# Revised Madness Stats



## Morrus (May 21, 2010)

I playtested a new version of Madness last light. In light of that playtest, I present the revised stats for Madness. These stats are reduced somewhat from those we used last night, and some abilities are altered or made less available.

I feel that this version more accurately conveys Madness' nature - which is all about the madness; and is a little easier to run than the version in _The Mad King's Banquet_.

It IS a long stat block (which is quite un-4E-like), but I felt that the madness concept requires a seemingly random range of madness-inducing abilities without any apparent rhyme or reason. This stat block allows the DM to have her use different things and convey the impression that the PCs don't know what's coming next.


----------



## DragoonLance (May 21, 2010)

Wow, that IS long.  As a DM that makes my eyes glaze over.  And some of those attacks if spammed could be TPK's IMO (I'm looking at you, gaze of madness.)  If you want randomness, I would suggest you give her a minor action attack, a reaction attack or two (you could change one of those nasty ones to be a reaction when bloodied for example) and then make the rest work a bit like the Beholder's eye rays, have them all count as one standard action power, say two attacks and roll a d6 to see which ones she uses.


----------



## Morrus (May 21, 2010)

Heh, you're clearly spoiled by 4E! Remember the 3-page stat blocks (tiny text) in the higher level adventures in 3.5?

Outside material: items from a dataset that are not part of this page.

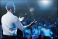 Motivational speaker with headset performing on stage
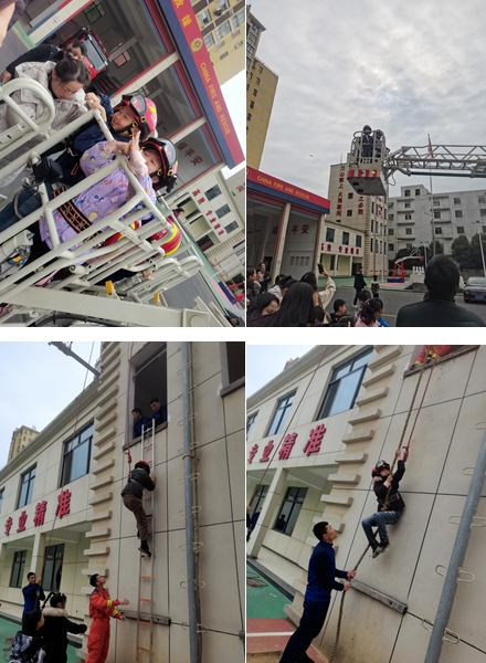 随后,孩子们跟随父母一同来到新建区消防救援大队参观学习体验。在消防叔叔的带领下参观了营区,看到了消防机器人展示,体验了消防云梯车和爬绳挂钩梯等,最后参观了消防车。
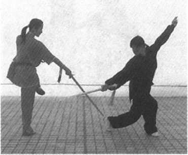 【技击用法】侧身闪开对方的攻击,反手上刺对方咽喉、耳门 等部位(见图6.57)o
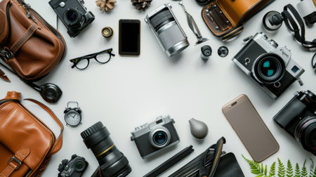 Flat lay of various photography equipment, including cameras, lenses, and accessories, neatly arranged on a white background. The image highlights the tools of the trade for photographers.

But, yeah, one could list all those "minor action" in one block with a random die roll.  I'm not convinced "make the DM roll" as opposed to "let the DM choose" is _better_ per se (just different), but I'll whip together a version that presents them that way for those who like the idea.


----------



## EugeneZ (May 21, 2010)

This version looks like it would be more fun than the one in the adventure. Nice work. Unfortunately, I won't have a chance to try it out. The PCs rocked Madness two weeks ago.


----------



## DragoonLance (May 21, 2010)

Morrus said:


> Heh, you're clearly spoiled by 4E! Remember the 3-page stat blocks (tiny text) in the higher level adventures in 3.5?




And without trying to flog the reanimated horse corpse, that's  part of why I never ran 3.X  
I just think if you are going for random madness, an option for a random roll is better.  Otherwise we'll be tempted to nail them with the nastiest one or two over and over.


----------



## Morrus (May 22, 2010)

DragoonLance said:


> I just think if you are going for random madness, an option for a random roll is better. Otherwise we'll be tempted to nail them with the nastiest one or two over and over.




Well, here you go. Same thing, but all folded into a random roll instead of a choice.


----------



## Eccles (May 22, 2010)

I have to say as one of the playtesters that I don't know what changes there are to the above compared to what we faced on Thursday night, but she completely handed our hides to us. 

A completely fresh party of 5 with a complete set of daily powers, and we used pretty much all of our daily and encounter powers just to bloody her.

The insubstantiality at will is just frightening. At least give it a 'maintain minor' so players can turn it off and/or she reduces the number of minor actions she can spam. (Which amounted to her attacking us 3 times a round and frequently dominating at least one with one of those 3). 

Oh, and can she still grab people whilst insubstantial? Should it at least not drastically improve a PC's chance of escaping from a grapple?

Ah. I see you turned the engulf into a 2 stage process. 

I'd argue controller hitpoints as well. She was as tough as old bricks.

Of course, if she's due to come back later then I can understand why she was as tough as she was.


----------



## DragoonLance (May 22, 2010)

Looks good Morrus, thanks!

Eccles, was your party using the song of forms?  That seems to be the one thing that can bring her from crazy hard to survivable.


----------



## Morrus (May 22, 2010)

DragoonLance said:


> Looks good Morrus, thanks!
> 
> Eccles, was your party using the song of forms? That seems to be the one thing that can bring her from crazy hard to survivable.




They used it but (a) kept rolling really badly and (b) didn't have a PC with a good Arcana score!


----------



## Morrus (May 22, 2010)

Eccles said:


> I have to say as one of the playtesters that I don't know what changes there are to the above compared to what we faced on Thursday night, but she completely handed our hides to us.
> 
> A completely fresh party of 5 with a complete set of daily powers, and we used pretty much all of our daily and encounter powers just to bloody her.
> 
> ...




Well, @_*Eccles*_: (that's me testing the new tag/mention system - the board should have notified you I mentioned you), this is quite toned down from what you fought. With the above HP you actually would have killed her witht he damage you did; also her defences are lower by a couple of points, the Engulf - as you mention - is now a two-step process, the saves against her effects are no longer at -2, Song of Forms now causes her damage as well as making her substantial, and most of her attacks do less damage.

Based on Thursday night, I think you'd beat this version.  Isn't it fun being a guinea pig for my random experiments?


----------